First of all, fuck the tourist areas, like Leicester Square or Piccadilly Circus. All that's there are garish lights and far too many Bermuda shorts. If I wanted to meet fascinating frat boys from Ohio, I would have gone there.
Before I left, I did my research, since I'm not one of those people cool enough to just "come upon" the places I want to hang out in if I'm away form home. So I subscribed to uk.people.gothic and also found "Incy's Gothic Guide" (http://www.the-dreaming.demon.co.uk) and printed up his "London Guide".
I landed at Heathrow at eight am, wired from no sleep and the five hour time difference. By the time the group of forty trendy fucks and I dropped off our luggage in King's Cross, it was early afternoon. Instead of napping, I decided to check out the only thing on Incy's list that was open-The Devonshire Arms (33 Kentish Town Road. Take the Northern/Black line to the Camden Town stop, and exit on the left. Walk down the block. The pub is on your left, about two blocks down).
Even though it was too early for anyone to be there, I still fell in love with the place the moment I walked in. Jane's Addiction and Field of Nephilim posters on the ceiling, pew-like benches against the walls and skulls nestled among the liquor bottles. Even empty, the pub opened up its arms and embraced me. As soon as I walked in, I knew I was home. The whole place is bathed in dark wood, with lots of corners to hide in. Not that you'd want to.
When I came back a few nights later, after the sun had gone down, I discovered that The Dev is truly the central nerve of London's Goth scene. No matter what club you hold allegiance to, no matter what clique you're in, everyone comes here at one point during the week and has a pint, or six.
There's no one thing that makes the pub great. People there are ultra friendly, and not many casuals come through the door. I made mates quickly, just by hanging out in the first few days I was there. One could go to a club in New York and stand against the wall for three weeks before anyone deigns to talk to you. And that's probably because they don't have any friends, either.
The bartenders are extremely friendly and helpful, especially given that they're not usually getting tipped. I'm not really a drinker, but the inexpensive snakebite-and- blacks went down quickly. They also have the amazing ability to match up faces and drinks. There as one night or another when I'd had a few pints too many. You know- when you're ignoring your stomach's cue to stop.

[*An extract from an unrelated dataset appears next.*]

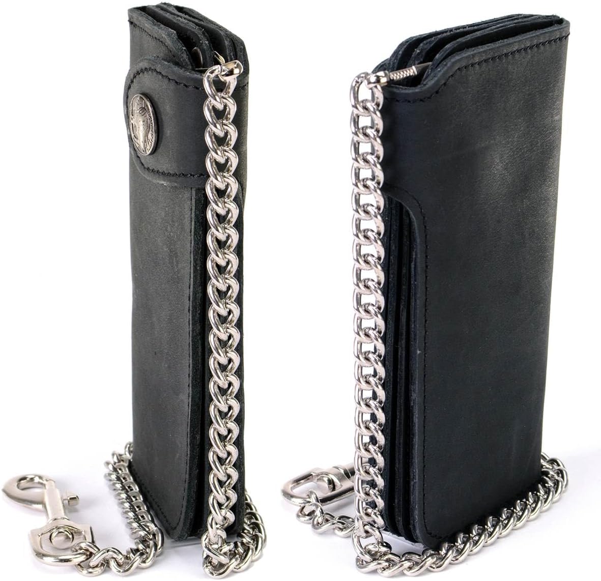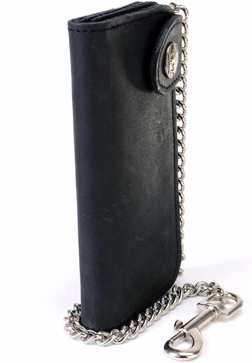 Milwaukee Leather MLW7828 Men's 6" Leather Bi-Fold Biker Wallet w/ Anti-Theft Stainless Steel Chain and Buffalo Nickel Snap Features Men’s Bifold Wallet with Buffalo Nickel Snaps: Our Men’s Long wallet with chain is hand made to perfection and made from full-grain leather. This Men’s bifold black wallet has a leather snap belt clip & comes with a 10 gauge, 12” steel chain that can be attached to a belt loop or other secure point to prevent loss or theft while riding your motorcycle. Storage Capacity: This Men’s wallet includes 9 slots pocket holding for credit card Picture and ID. When leather wallet with chain opens it measures 7 inches. Leather biker wallets are known for their exceptional durability, as high-quality leather is resistant to abrasion, and other forms of damage, making it a reliable choice for bikers. Biker Wallet with Removable Chain: Our Black wallet for men with chain is made from heavy duty, 100% full-grain cow leather & and is built to last and designed with removable chain! This trucker wallet has a 12” long stainless-steel chain that securely clips into your belt loop & has snap closures & zipper Closure for added security. Perfect Gift for Biker: This bifold genuine leather wallet will be a great gift for your father, husband, brother, boyfriend or any other male biker and trucker. Get that rider in your life, something they will love and use every day! Milwaukee Leather is a well-known biker apparel company that has been providing top-quality leather jackets, chaps, boots, wallets, helmets, and other accessories for bikers since 1991. We take your safety very seriously. We make sure that each item that bears our name is built to last and offer the protection that riders need to stay safe on the road.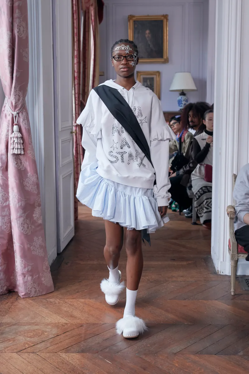 Each piece had a twist, with the fashion often topped off with tiaras. The jersey hoodie came with a little cotton ruffle detail in the back. Star necklace designs bedecked some jackets and shirts. Handbags appeared in fluffy sheep forms, like clutches out of a dream. Other slumber details included sleeping masks serving as head pieces or scarves.

Anyway, I stumbled up to the bar in time for last call. I blurted out what I thought was my order; still don't remember what the hell I said. Ariana just looked at me, paused, and made me my drink. One of the unique things that makes The Dev choice are the DJs. Robin and John are more than proficient (the former deejays strictly Goth, the latter heavy metal). The DJ that really kicks ass, though, is Dayv Death. The New Zealand DJ is gifted in the art of seamlessly mixing songs that you'd never think to throw together. Think the Cure, Revolting Cox, Virgin Prunes, and VNV Nation all in the same set. He spins solo on Wednesday and Thursdays; with Robin and John on Sunday nights.
The clubs, overall, are awe-inspiring. While its getting better here, Americans definitely need to take cue from the Brits. Friday nights, I trekked to The Electric Ballroom (Walk back up to the Camden Town stop, swing around, and walk to the other side. You are now on Camden High Street. It's right down the block). Open from 10:30 to 2:30. There's a main warehouse type dance floor with two huge bars, in which they play everything you'd expect to hear at a Goth club, heavily leaning on Rob Zombie.
At one point, the downstairs music got a little too techno-y for me, and I wandered up. A balcony wraps around the main dance floor, so you can check out whomever you fancy without being too obvious about it. The second level also has a medium sized rap/heavy metal room. I know it sounds weird, but it somehow works. Even stranger was me, all gothed up, pogoing to Tool and Onyx. Totally sweaty, makeup running down my face. I hadn't had such a good time in quite awhile. Also, the punks and the goths hang out with each other, something that does not happen in New York.
Saturday nights, of course, belonged to the infamous Slimelight. (Take the Northern/Black line to Angel. Get out and turn left. Walk to the end of the block and turn left again to that you are behind the tube station. You should now be in an alley. Walk down and its on your right.) Yes, you have to be a member or a guest to get in. But hang around Angel and ask anyone who's obviously going in to the club to sign you in, and it shouldn't be a problem.
The space itself is a paintball arena during the week. Right when you walk in, there is a huge lounge area with plenty of comfy couches and tables to hang out on, and stare at everybody's outfits. The downstairs dance floor (that plays just about everything) has soundproof doors, making talking to people easier, but next to impossible to walk away from a boring conversation. Upstairs is the hardcore techo-industrial area, which I only took the briefest peek into. Slimelight can give an impression of snobbery, definitely an ubergoth place. Be prepared to either be outgoing, go with friends, or stand in the corner all night. The more dressed up you are, the better.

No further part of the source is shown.